Leaving all other entries in fit_params unchanged to avoid unnecessary duplication
of large or expensive objects.

The change is localized to the objective execution path and does not affect existing
behavior for single-threaded runs or workflows that do not use callbacks.

This prevents shared mutable state between parallel trials while keeping memory and
performance overhead minimal.

not522 · 2025-12-26T08:52:56Z

Thank you for your PR! Since we're approaching the year-end and New Year holidays, I'll review the details after New Year's Day.

Quant-Quasar · 2025-12-26T10:21:14Z

Thank you for the update! I completely understand.
Please take your time, and I’m happy to follow up after New Year’s.

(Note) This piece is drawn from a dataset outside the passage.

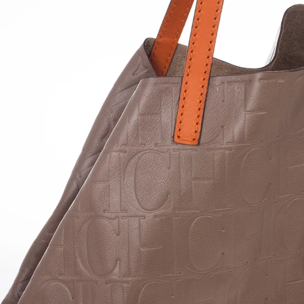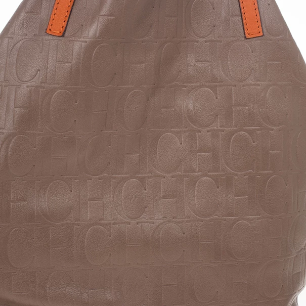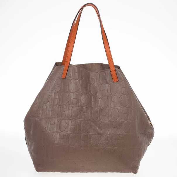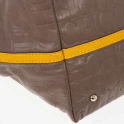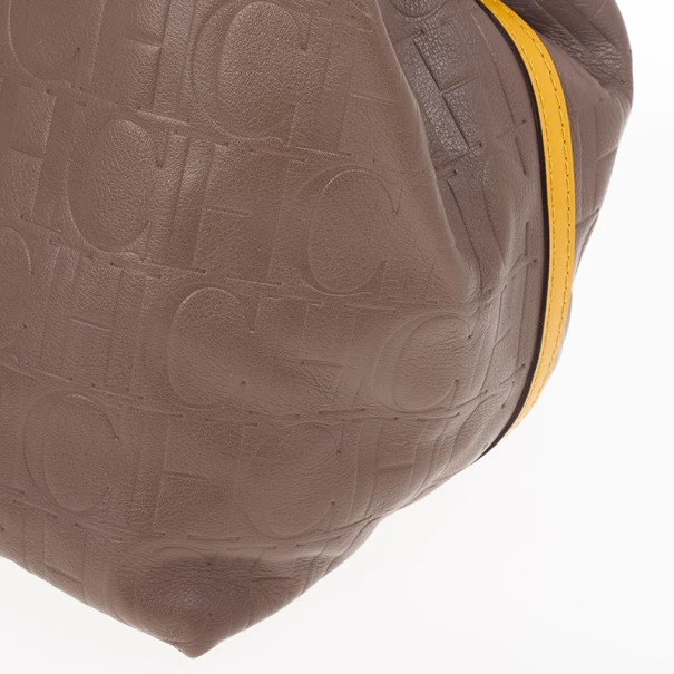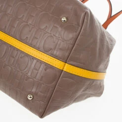 This monogrammed Carolina Herrera tote is funky and casual. Perfect for everyday use, its leather exterior is embossed with the CH logo, combined with orange leather top handles. The sides feature mustard yellow straps, closing at the top with gold-tone pin-closure. The spacious interior has a leather base and unlined sides for a comfortable look.

github-actions · 2026-01-04T23:07:09Z

This pull request has not seen any recent activity.

not522 · 2026-01-08T07:50:43Z

Thank you for waiting.
I haven't been able to reproduce the original bug report. Did you manage to reproduce it in your environment?

Quant-Quasar · 2026-01-08T08:26:29Z

Thanks for checking!

Yes, I was able to reproduce the issue locally under parallel execution. The key requirement is running OptunaSearchCV with n_jobs > 1 and passing a stateful callback (e.g., LightGBM early stopping) via fit_params.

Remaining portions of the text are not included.